Caffeine Fueled Rage: Pt 2

December 13, 2010 at 5:51 pm | Posted in silliness, Uncategorized | Leave a comment

Things that are not nice and that you can cut out, now.

In no particular order:

Being an asshole to me in my dreams. Seriously, wtf?

Deciding that when you come over you should randomly bring donuts, then leave the leftovers with me. You know I am going to eat them all. Stop trying to fatten me up.

Interrupting my stories every 10 seconds. It is already nearly impossible for me to hold on to a train of thought long enough to get through a story in its entirety. Intentionally leading me off course then expecting me to pick up where I left off is just cruel. (Interrupting stories you don’t care about is cool, though).

Getting mad at me when I’m late. If we have met before, you should know better than to expect anything less. Instead, just be impressed when I make it on time. Everyone will be happier.

Judging me for being pro nuclear war. I am entitled to my opinions, damnit.

Asking questions about my personal life that you can’t actually handle the answers to. I am unlikely to be coy about something. If it is too much information and is going to make you uncomfortable, don’t ask.

For that matter, you can also cut out asking any questions that you don’t want the answers to.

Hugging me without permission. 99.999999999999999% of the time a hug will be poorly received. Play it safe and let me initiate if I am interested. Just know that I probably won’t be. This goes for you too, family.

Asking me what we should do when you’ve already decided what you want to do and won’t accept any other answers. This is not only not nice, but it’s stupid and it will result in me kicking you.

Telling me that I should really learn how to drive, as if this is something that I don’t hear 600 times a day. REALLY, WOULD IT MAKE CERTAIN THINGS MORE CONVENIENT? THAT NEVER OCCURRED TO ME. (If you are ready to give me a car you are exempt from this one).

Telling me that candy is not a meal. We will just have to agree to disagree! (Same goes for cake).(And alcohol).

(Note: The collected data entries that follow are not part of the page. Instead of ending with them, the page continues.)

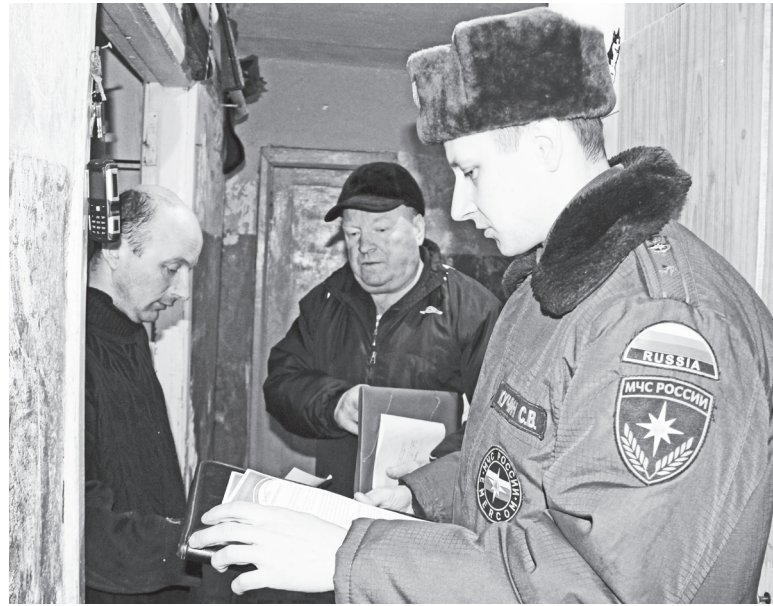
▲ Специалисты напомнили о правилах безопасности

В беседах с жителями был отмечен положительный опыт использования автономных пожарных извещателей, наличие кото-
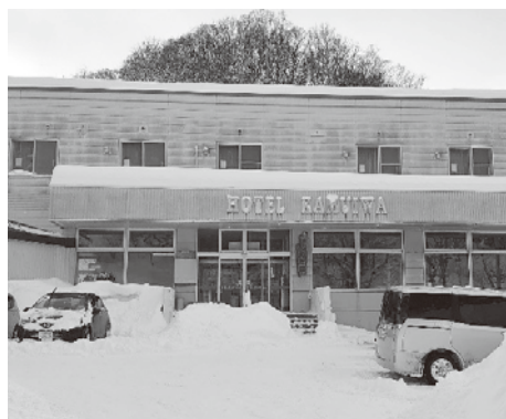
▲留萌市内唯一の公衆浴場

神居岩は「その他の公衆浴場」との許可であることから、補助対象外の施設となっている。今後、他自治体の状況を調査し要綱の改正などを検討したい。
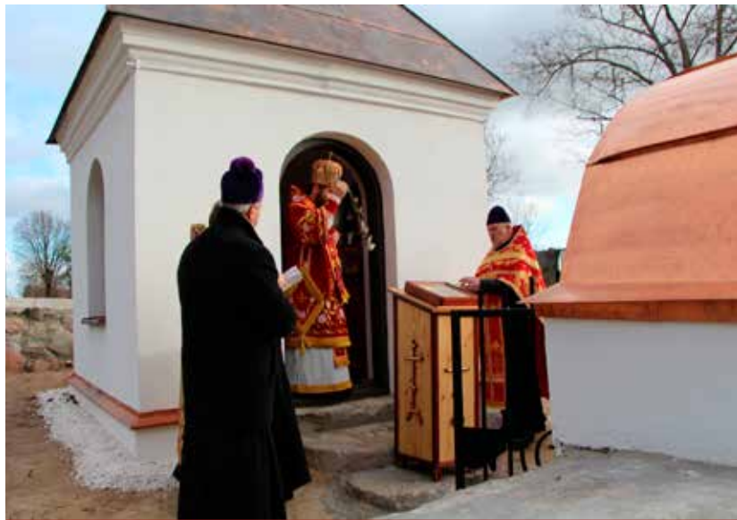
Odnowiony zabytek – świadectwo przestrzeni wieków, przez następne dziesięciolecia, wpisywać się będzie w krajobraz kulturowy gminy Turośń Kościelna.

Mieszkańcy korzystają z wyremontowanego, bezpiecznego chodnika
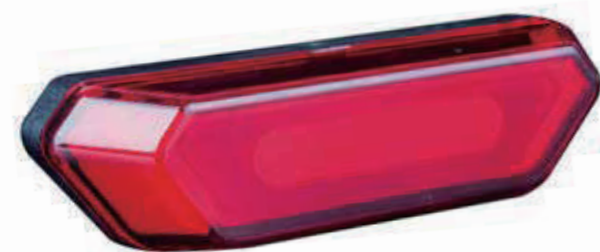
YC 020R / 后灯
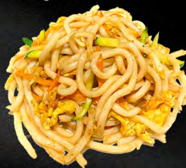
043 - YAKI UDON CON VERDURE € 6.00 Udon saltato con verdure mista ed uova Allergeni: 1, 3
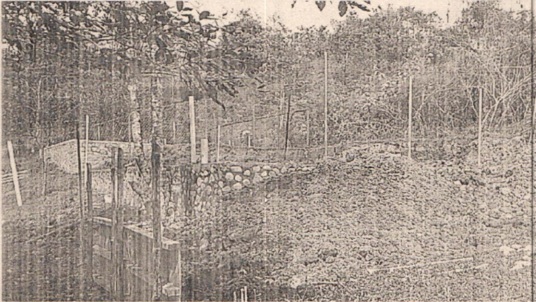
Imagen 2. Identificación de las actividades de Movimiento de tierra y construcción de vivienda encontrada. (Foto tomada con cámara celular del Funcionario German Estiven Garnica en Agosto 19 de 2020)

Una vez verificadas las coordenadas tomadas en campo y la información disponible en la capa de catastro predial Rural del IGAC, se determinó que el predio en mención donde se identificaron las actividades de construcción se encuentra ubicado identificado como SAN JUAN con código predial Nacional No 762330002000000020449000000000. Posteriormente se revisa la ubicación del predio con respecto a la capa de áreas protegidas del orden nacional y regional, verificando que el predio se encuentra al interior de la Reserva Forestal Protectora Nacional del Río Anchicayá, como se evidencia en la imagen 3.

Forcing me to watch stupid movies if you are going to be offended that I think they’re stupid. I am more than happy to watch them with you, but I am also happy to rip them to shreds and make you listen to me do it.


To be continued…


Dragons, Monsters, and Better Monsters

May 19, 2010 at 6:31 pm | Posted in Life, silliness | 2 Comments
Tags: , , , , , , , ,

Ok, two things:

1) I have a new bearded dragon who is adorable.
2) Monster hoodies need to look like monsters.

Got it? ok.

So Just last week, I adopted a teeny tiny bearded dragon who I named Trogdor (because he’s a littleĀ burninator).

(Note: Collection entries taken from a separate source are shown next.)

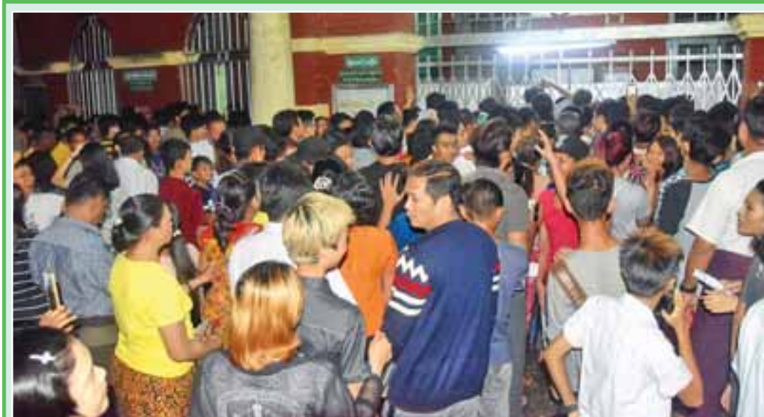
၂၀၁၇ ခုနှစ် တက္ကသိုလ်ဝင်စာမေးပွဲအောင်စာရင်းများကို ဇွန် ၁၇ ရက် နံနက်ပိုင်းက ထုတ်ပြန်ကြေညာရာ ရန်ကုန်မြို့ အထက(၄) အလုံတွင် လာရောက်ကြည့်ရှုကြသည့် ကျောင်းသား ကျောင်းသူများနှင့် မိဘအုပ်ထိန်းသူများအား တွေ့ရစဉ်။
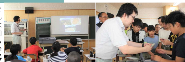
大森勝山遺跡の「なぜ」を学びました 本物に触れる貴重な体験をしました

7月19日(水)文化財課の東海林さんを講師に5、6年ちびっ子縄文講座が実施されました。8月の大森勝山じょうもん祭りには夏休み中にもかかわらず45名の児童が参加するということからも地域愛の高さがわかる子供たちです。縄文講座にも目を輝かせて参加していました。特に今回は本物の縄文土器や矢じりにさわることができるという今後2度とないであろう貴重な体験ができました。
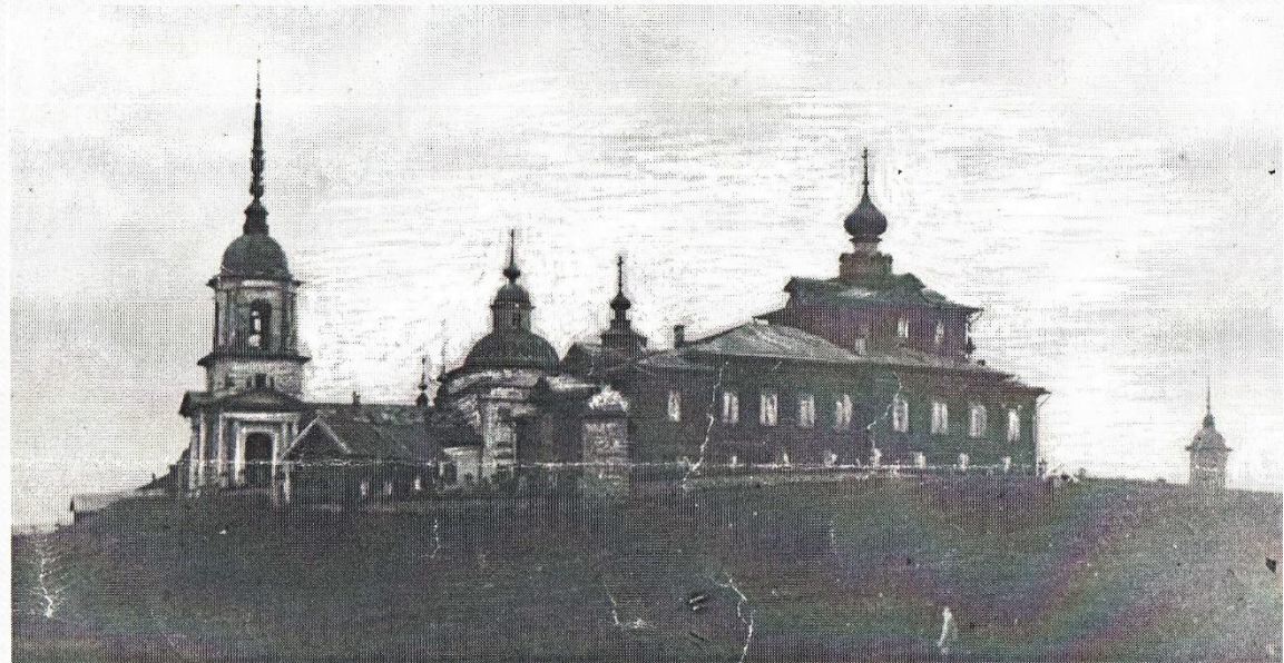
Фото 1930-го года
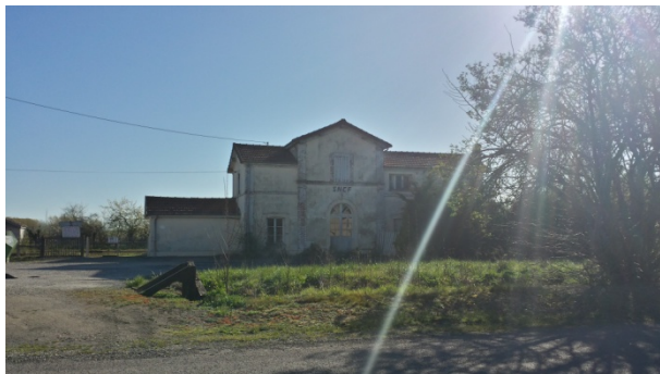
L'ancienne gare SNCF
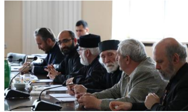
Հանդիպում հոգևորական դասախոսների հետ

Նույն օրը՝ թանգարանում շրջելուց հետո ճեմարանականներն այցելեցին Մոսկվա կինոթատրոն՝ դիտելու Terry George-ի հեղինակած Հայոց Ցեղասպանության մասին պատմող «The promise» (Խոստումը) ֆիլմը:
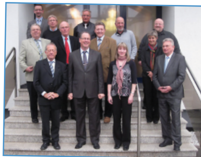
Die Verantwortlichen für die Hörgeschädigten-Seelsorge in den deutschen Gebietskirchen und der Schweiz in Kassel 2012.

Das meinten die Verantwortlichen durchaus im wörtlichen Sinn. Hier stand die Frage zur Diskussion, ob nicht neben der von Günther Lierse bevorzugten Lautsprache begleitenden Gebärdensprache (LBG) auch die Deutsche Gebärdensprache (DGS) Raum haben könnte. Dabei handelt es sich um zwei völlig unterschiedliche Sprachkonzepte.
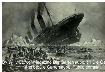
By Willy Stöwer-Magazine Die Gartenlaube, en:Die Gartenlaube, and de:Die Gartenlaube, Public domain.

Trogdor doubles as a fashionable brooch!

He’s about a month and a half old, and he’s completely hilarious. This is the first lizard I’ve owned, and I guess I didn’t expect him to have so much personality. I got him a HUGE tank (well, huge for an itty bitty little pocket-sized dragon), which he loves, and a more appropriately sized feeding tank, which I thought I would put his crickets in and then set him loose on them. He was not having it at all. He absolutely hates the little tank. As soon as I put him in there he runs atĀ one of the walls, and starts trying desperately to climb up the wall. The hilarity of this is that, not having suction cup feet, he pretty much just ends up flailing his teeny little arms wildly against the glass to no avail. It looks a lot like he’s trying to swim. He periodically pauses his efforts to cock his head to one side and glare at me. Needless to say, I’ve had to come up with another way of feeding him the crickets.

He also loves the head pets. One of the reasons I chose him rather than either of his two brothers is how well he does with being handled. As feisty as he can be, he really likes being held, and he makes the sleepy faces when you pet his head.

Baby Frogface

And by ‘pet’ I actually mean ‘lightly stroke with the tip of one finger because he’s bite-size’.

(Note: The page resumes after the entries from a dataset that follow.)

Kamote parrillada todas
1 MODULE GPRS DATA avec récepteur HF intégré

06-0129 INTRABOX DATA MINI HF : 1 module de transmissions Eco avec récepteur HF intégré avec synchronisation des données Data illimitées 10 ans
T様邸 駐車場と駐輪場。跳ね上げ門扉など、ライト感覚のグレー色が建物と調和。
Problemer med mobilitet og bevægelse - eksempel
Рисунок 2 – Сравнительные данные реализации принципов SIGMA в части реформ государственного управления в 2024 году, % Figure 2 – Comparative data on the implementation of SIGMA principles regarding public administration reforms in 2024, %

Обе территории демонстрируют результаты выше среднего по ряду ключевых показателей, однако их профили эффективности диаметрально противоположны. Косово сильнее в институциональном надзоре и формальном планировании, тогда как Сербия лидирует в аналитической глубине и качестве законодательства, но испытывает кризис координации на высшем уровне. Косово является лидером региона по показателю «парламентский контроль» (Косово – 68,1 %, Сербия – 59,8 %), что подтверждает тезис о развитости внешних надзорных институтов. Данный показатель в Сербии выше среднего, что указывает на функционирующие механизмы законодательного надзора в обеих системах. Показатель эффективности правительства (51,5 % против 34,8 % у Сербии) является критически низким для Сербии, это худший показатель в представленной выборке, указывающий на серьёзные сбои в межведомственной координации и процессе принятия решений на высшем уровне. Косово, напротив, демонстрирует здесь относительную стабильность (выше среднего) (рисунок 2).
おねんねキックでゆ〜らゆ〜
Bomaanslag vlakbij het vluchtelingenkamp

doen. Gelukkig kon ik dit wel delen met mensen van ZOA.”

Ok, enough about the baby, onto the monsters.

Now, I love”monster” anything. The monster mash, monster cookies, cookie monster, monster truck rallies… So when I got the new BustedTees newsletter, announcing the arrival of a new line they call MonsterHoodies, I clicked on that email with such enthusiasm as you would not believe. To my complete and utter disappointment, MonsterHoodies completely suck. It’s just a regular old hoodie with droopy teeth and stupid eyes on top. Not even googly eyes, people! I’ve seen this concept executed well, so there’s really no excuse for this lack of monstrosity:


I’m disgusted at this complete disrespect and misrepresentation of monsters, so I did what anyone else would do: I opened up MS Paint, mustered up all of my outrage, and drew my own version of what a monster hoodie should be. None of this kindergarten craft lesson BS.

Skills of an artist.

Yes I’m naked under the monster hoodie. What of it?